Add a middleware assertion in every service that reads the baggage and logs a warning (or rejects the request, in strict-isolation mode) when tenant.id is absent. This turns propagation failures into visible signals rather than silent data-quality problems.

// Go — per-hop tenant assertion middleware
func AssertTenantMiddleware(next http.Handler) http.Handler {
  return http.HandlerFunc(func(w http.ResponseWriter, r *http.Request) {
    bag := baggage.FromContext(r.Context())
    tenantID := bag.Member("tenant.id").Value()

    if tenantID == "" {
      // In strict mode: reject. In permissive mode: log and continue.
      http.Error(w, "propagation failure: missing tenant.id", http.StatusInternalServerError)
      return
    }

    // Stamp the span so Tempo/Jaeger can index this hop by tenant
    trace.SpanFromContext(r.Context()).SetAttributes(
      attribute.String("tenant.id", tenantID),
    )
    next.ServeHTTP(w, r)
  })
}

Step 6 — Apply Security and Compliance Filters at the Collector

The OpenTelemetry Collector is the right place to apply tenant-level security controls before trace data reaches storage. Use the attributes processor to enforce an allowlist and mask any values that should not be persisted.
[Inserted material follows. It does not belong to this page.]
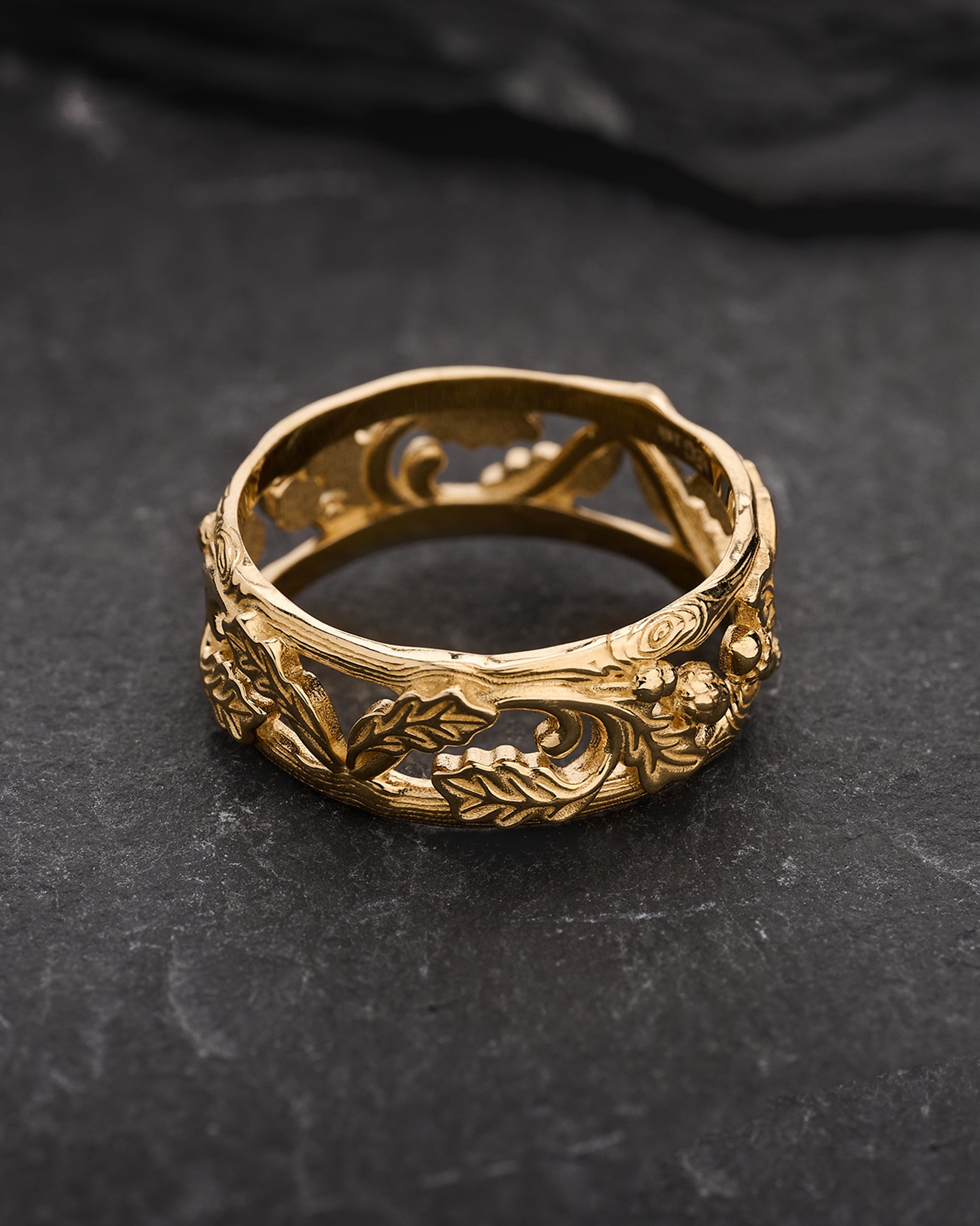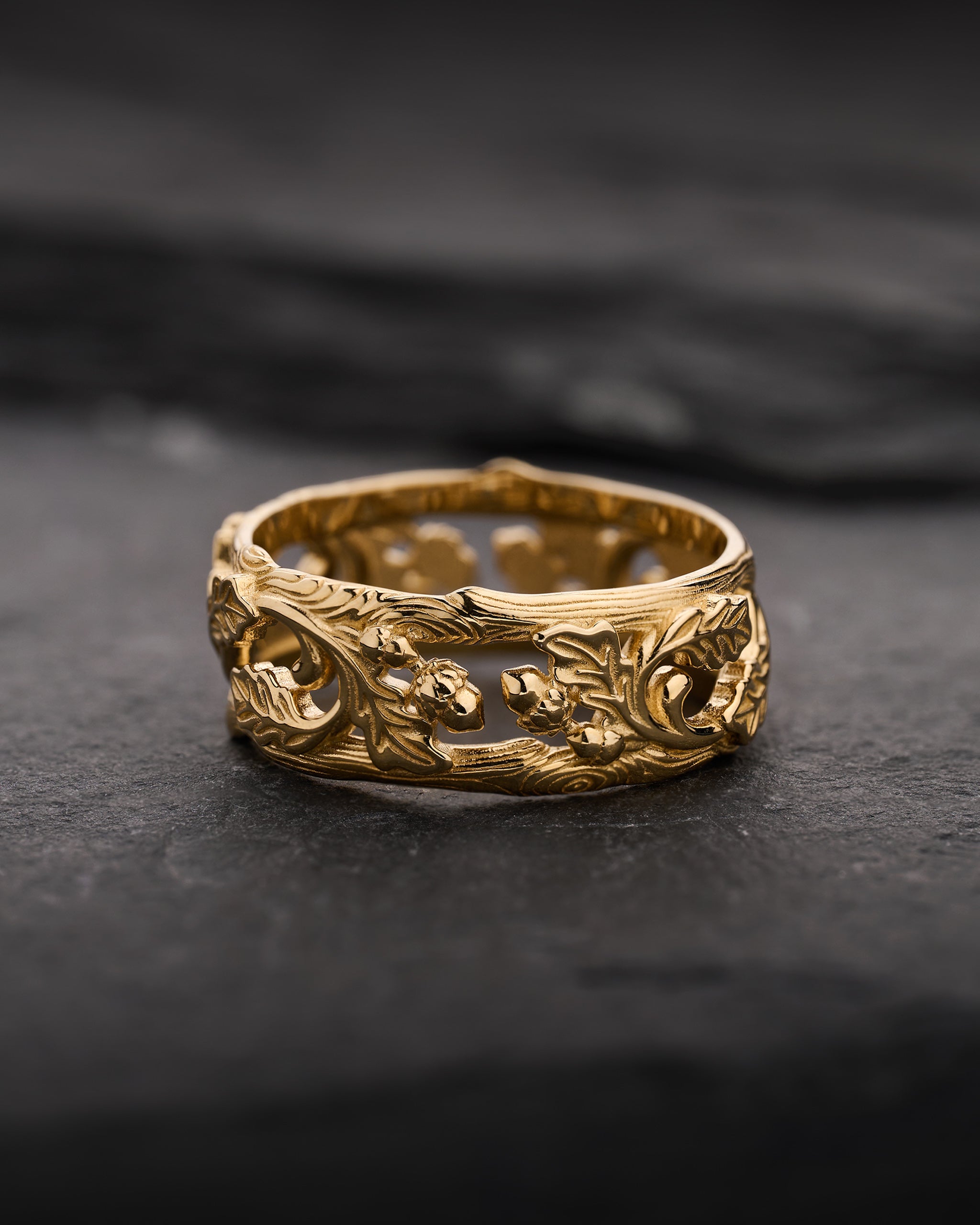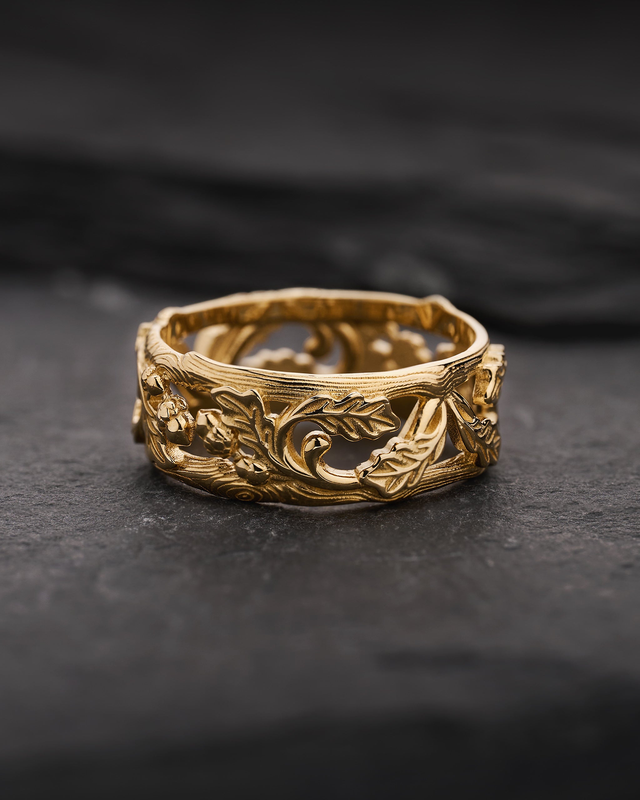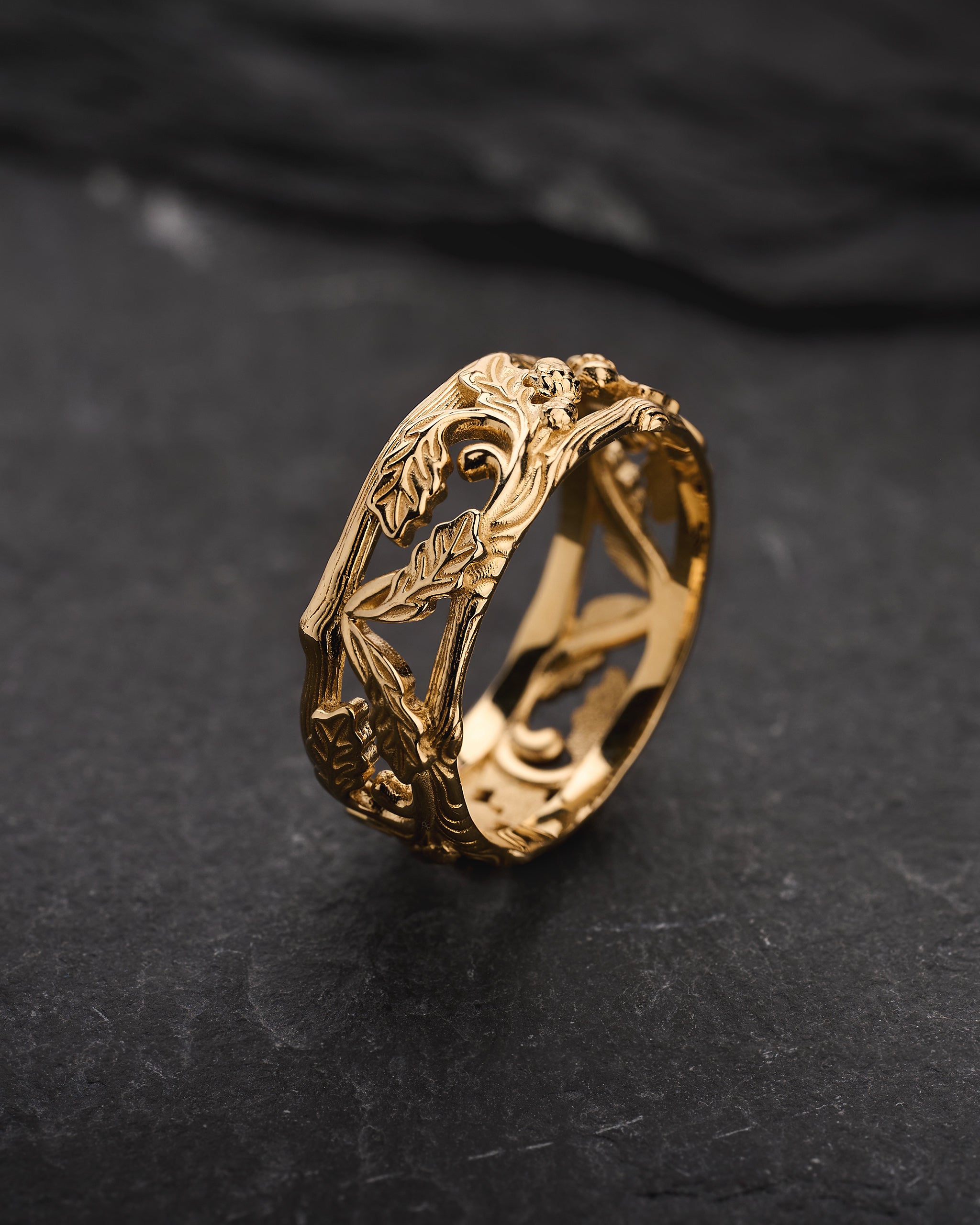 Amazingly detailed our wedding band for man or woman features oak leaves and tiny acorns placed between textured bark. This is our original design and you won't see it mass produced.

# otel-collector-config.yaml — allowlist baggage keys, mask regulated values
processors:
  attributes/tenant_filter:
    actions:
      # Keep only approved keys
      - key: tenant.id
        action: upsert
      # Mask any email that leaked into attributes
      - key: user.email
        action: hash
      # Drop any key not in the allowlist
      - key: baggage.raw
        action: delete
  filter/drop_internal:
    spans:
      exclude:
        match_type: regexp
        attributes:
          - key: tenant.id
            value: "^internal-.*"  # exclude internal health-check traffic

service:
  pipelines:
    traces:
      processors: [attributes/tenant_filter, filter/drop_internal]

Verification

Query Jaeger or Tempo for spans where tenant.id is missing to identify propagation gaps:

-- Tempo TraceQL — find spans where tenant context dropped
{ span.tenant.id = "" || span.tenant.id !exists }
| select(span.service.name, span.http.route, rootSpan.startTime)
| limit 50

In Jaeger UI, filter by the tag tenant.id=<your-id> and inspect the waterfall for gaps. A gap — a span with no tenant.id attribute — points to the upstream service or proxy that stripped the header. Cross-reference that service’s ingress timestamp with the first missing span to isolate the break point.
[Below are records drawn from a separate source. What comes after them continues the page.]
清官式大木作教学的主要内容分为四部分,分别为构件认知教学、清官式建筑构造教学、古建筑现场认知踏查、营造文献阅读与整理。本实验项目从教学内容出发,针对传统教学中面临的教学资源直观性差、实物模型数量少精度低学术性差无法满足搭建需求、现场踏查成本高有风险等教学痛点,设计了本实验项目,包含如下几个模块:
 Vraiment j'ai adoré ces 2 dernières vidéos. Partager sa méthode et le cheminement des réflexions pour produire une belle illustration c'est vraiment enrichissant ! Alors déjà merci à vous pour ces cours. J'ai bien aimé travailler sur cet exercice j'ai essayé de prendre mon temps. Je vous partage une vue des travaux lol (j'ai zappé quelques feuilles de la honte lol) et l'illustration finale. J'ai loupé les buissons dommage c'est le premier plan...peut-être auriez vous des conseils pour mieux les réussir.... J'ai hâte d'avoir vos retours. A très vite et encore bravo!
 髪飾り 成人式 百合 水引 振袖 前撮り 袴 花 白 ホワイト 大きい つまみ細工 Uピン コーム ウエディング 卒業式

You can also write a CI/CD assertion that replays a test request through your staging environment and asserts that every span in the resulting trace carries tenant.id:

# pytest integration test — assert tenant.id on all spans
def test_tenant_id_propagates(trace_exporter):
    make_request(headers={"X-Tenant-ID": "test-tenant-abc"})
    spans = trace_exporter.get_finished_spans()

    assert len(spans) > 0, "No spans recorded"
    for span in spans:
        assert span.attributes.get("tenant.id") == "test-tenant-abc", (
            f"Missing tenant.id on span: {span.name}"
        )

Edge Cases and Gotchas

  1. Thread-pool context bleeding (Java/Go): When a thread or goroutine is reused across requests, a Scope or Context that was not closed carries the previous request’s tenant.id into the next one. Always use try-with-resources in Java or defer scope.Close() in Go, and never store a context in a struct field that outlives the request.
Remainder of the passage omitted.